Cellular turnover plays an important role in the adaptation processes [50]. In this process, cells are exchanged in individual tissues and organs, with the main goal of cellular exchange being to achieve the most efficient and balanced cellular activity. This highly energy-consuming process occurs at different rates in individual tissues, with the cells of the intestinal lining being the fastest to be replaced, and the largest population of cells being replaced are erythrocytes [50]. In contrast, osteocytes, characterized by long lifespans, constitute 90–95% of all bone cells in the adult skeleton [51]. Bones are constantly renewed through a mechanism called bone remodeling [52]. The skeleton remodeling cycle takes approximately 120 days, and 10% of the human skeleton is normally remodeled every year [53]. The process requires the differentiation of mesenchymal stem-cell-derived osteoblasts with subsequent collagen synthesis. While osteoblasts and osteoclasts are viable from days to a few weeks, the osteocytes can live in the bone matrix for decades [54].

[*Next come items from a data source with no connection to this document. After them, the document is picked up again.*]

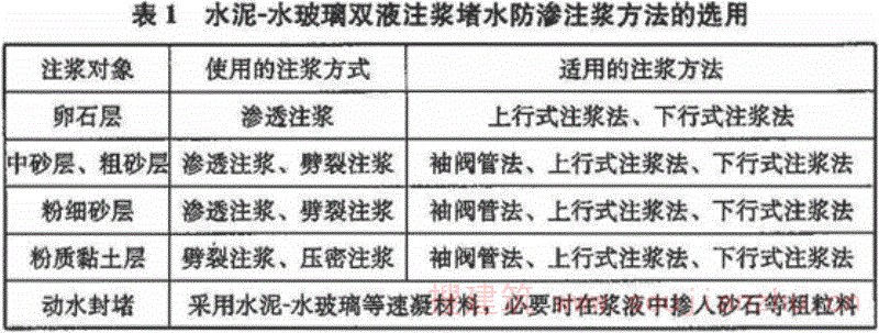 3压密注浆的孔距是根据被注土体的深度及要求达到的密实度等确定,一般的孔距为1.8m~3.0m;劈裂注浆的孔距控制在1.5m~3.0m;渗透注浆孔距宜为1.0m~2.5m,第一序孔距可适当增大。 4注浆压力是注浆过程中的一个重要参数,压力过低,浆液携带的能量小,达不到注浆要求的扩散半径;压力过高将使地表出现冒浆现象,浪费注浆材料。本条根据工程实例对注浆压力进行了规定,实际施工中,注浆压力宜通过现场注浆试验确定,一般情况下,后序注浆孔应适当提高注浆压力。 5一般情况下,水泥浆与水玻璃浆液体积比可为1:0.1~1:1;特殊情况下,应根据具体情况,进行配合比室内试验,地层可注性差时可适当降低水玻璃的掺量。 6在应急处理或特殊条件下及在动水条件下,为防止浆液在动水条件下流失,采用预填砂卵石等粗骨料或其他惰性材料,降低地下水的渗透,然后再用水泥—水玻璃浆液进行注浆,如果工程比较重要时,则要求进行注浆试验确定注浆工艺、施工参数及浆材配合比。水泥—水玻璃双液注浆用于堵水防渗时,应根据注浆工程的目的、水文地质条件、工程重要性等,按表1选择注浆方法。
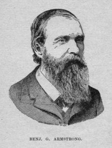 Benjamin Green Armstrong. Image from the historical blog Chequamegon History as it appears in Armstrong’s memoir.Benjamin Green Armstrong was trader, store owner, logger, farmer, and interpreter who lived among the Lake Superior Ojibwe for many years. He is most well known for his memoir, Early Life Among the Indians, which was published in 1892. In it, Armstrong gave a detailed account of the Ojibwe delegation to Washington DC in 1852 to meet with President Millard Fillmore. The delegation sought the support of the president in their efforts to countermand the Removal Order of 1850 which resulted in the Sandy Lake Tragedy. Armstrong’s memoir also recounted important treaties, described the arrival of settlers, miners, and loggers, and described Ojibwe law, customs, religion, culture, language, and history.
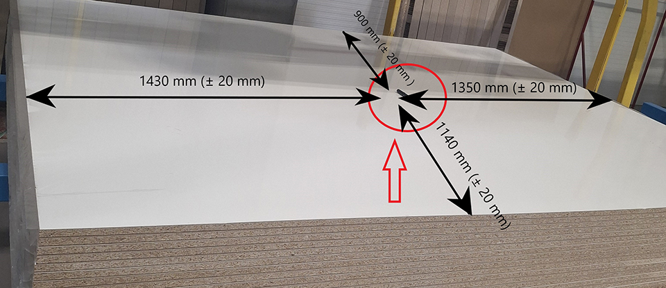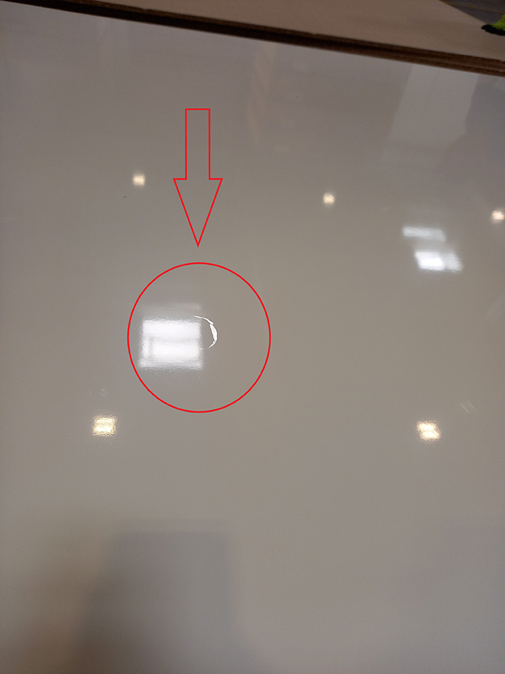 • Přibližně uprostřed desky se nachází vada – promáčknutí (cca 6 cm ve tvaru půlkruhu/kruhu)

The human musculoskeletal system forms an interface between the organism and the environment. The gravitational force plays an important role in the development of the musculoskeletal system and its anatomical adaptation [52,55,56]. In response to mechanoelectric stimulation, osteoblasts secrete a large matrix volume to become osteocytes anchored in it [56]. Mechanotransduction by Piezo channels regulates osteoblast/osteocyte activity and, thus, strengthens the skeleton, enabling it to adapt to a wide range of mechanical loadings [57,58]. Piezo channels play essential roles in the development of the cardiovascular system, lungs, cartilage, and bones. They serve as mechanosensors for touch, pain, proprioception, hearing, vascular tone, and fluid flow. Piezo signaling in gut epithelia controls gut peristalsis and regulates bone density by serotonin production [58].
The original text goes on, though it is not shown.